(404g) An Integrated Modeling Framework for Kinetic Modeling of Red Oak Pyrolysis in a Vertical Tube Reactor Using the Isoconversional Method

Isoconversional methods are mainly used to calculate kinetic parameters for biomass pyrolysis using thermogravimetric analysis (TGA) data. However, due to the differences between a TGA analyzer and a practical pyrolysis reactor, these parameters calculated from isoconversional methods cannot be directly utilized for pyrolysis in an actual reactor. To overcome this limitation, a new modeling framework was proposed in this work.

In the current study, the Friedman method was integrated with a kinetic model to predict transient profiles of char, tar, and syngas from red oak pyrolysis in a vertical tube reactor.
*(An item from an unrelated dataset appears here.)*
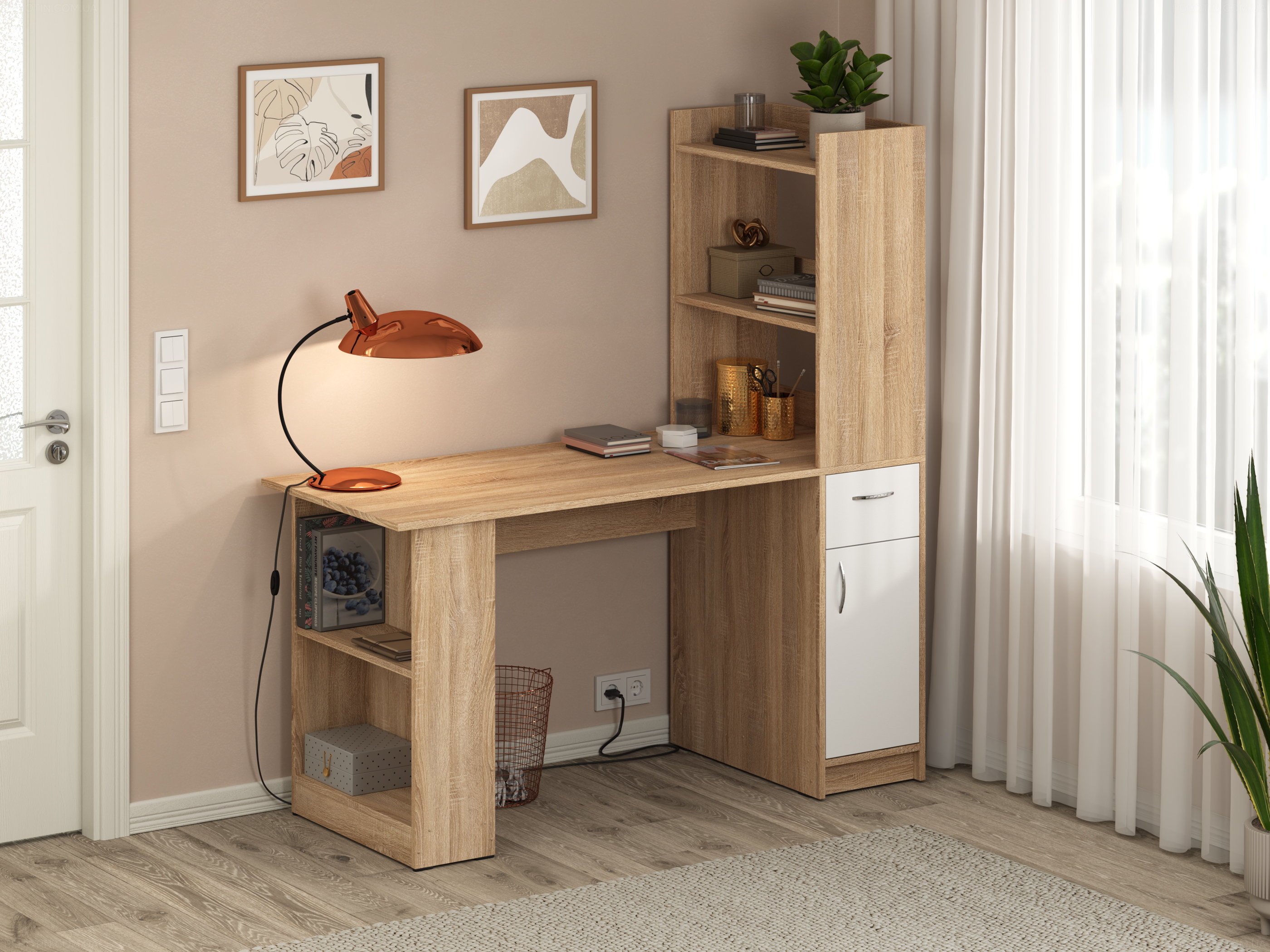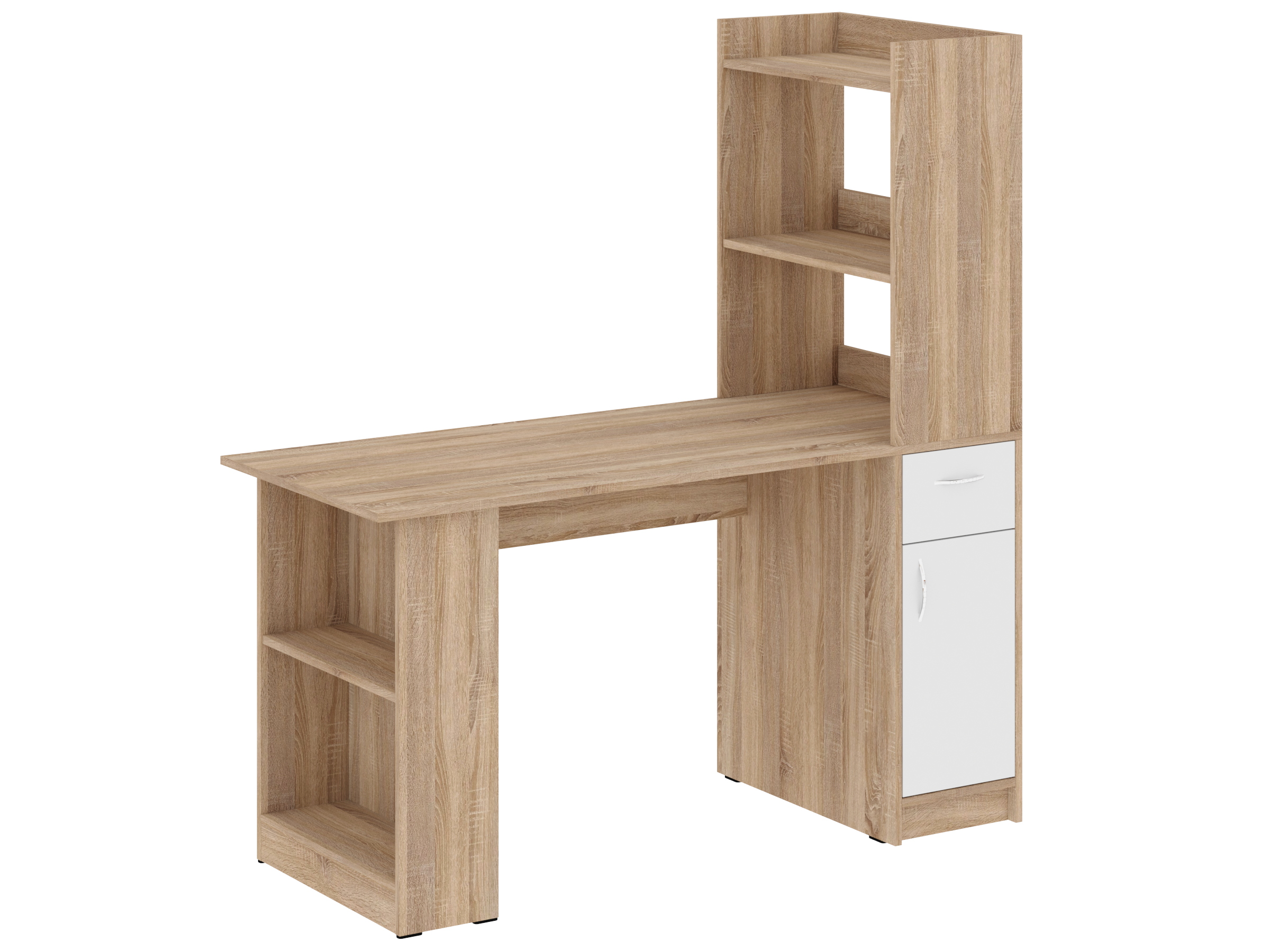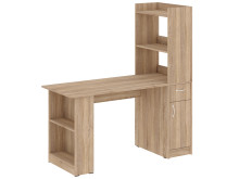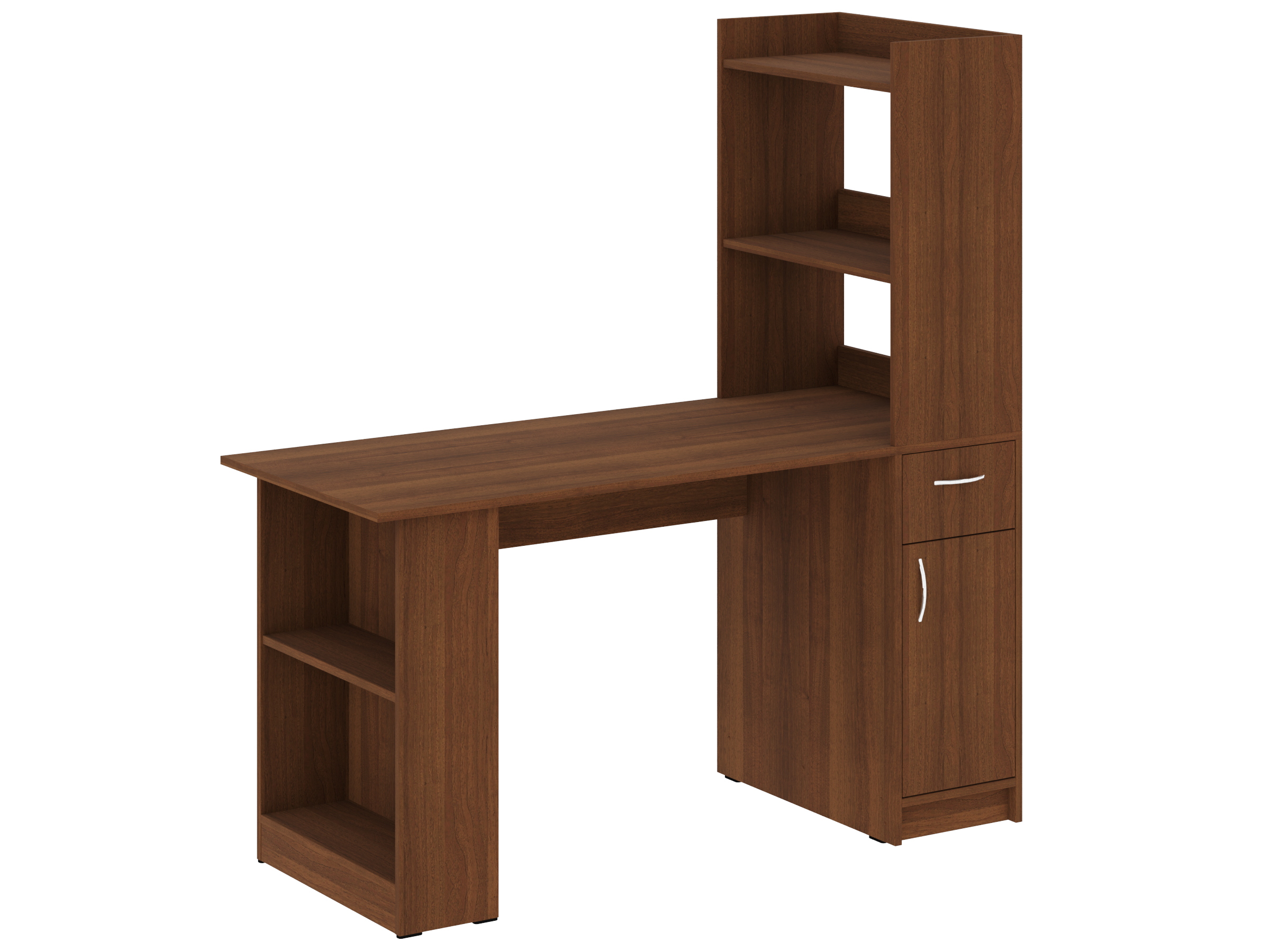 Ця модель складається з письмового столу з тумбою, надбудовою і відкритими полицями з торця столу зліва. Довга стільниця дозволяє комфортно працювати за комп'ютером або ноутбуком, маючи всі необхідні документи і зошити під рукою. Тумба містить висувний ящик і закрите відділення, розділене полицею, де можна зручно зберігати канцелярські Прилади та архівні документи. Надбудова розташована нестандартно, поперек стільниці з правого боку, що надає столу здоровий зовнішній вигляд і приховує речі, розміщені на ній.

In the proposed modeling framework, the isoconversional method was coupled with the least-squares method to calculate kinetic parameters for red oak pyrolysis using TGA data at heating rates of 10, 20, 30, and 40 ℃/min. The calculated kinetic parameters were applied to a kinetic model to simulate pyrolysis in the vertical tube reactor. The particle swarm optimization (PSO) model and the sequential least-squares quadratic programming (SLSQP) model were integrated with the kinetic model to predict the production of char, tar, and syngas during the process. The kinetic model was validated with transient production data of char, tar, and syngas at experimental temperatures of 500 ℃, 600 ℃, and 700 ℃, indicating the effectiveness of the proposed framework in accurately predicting bioproduct yields from biomass pyrolysis.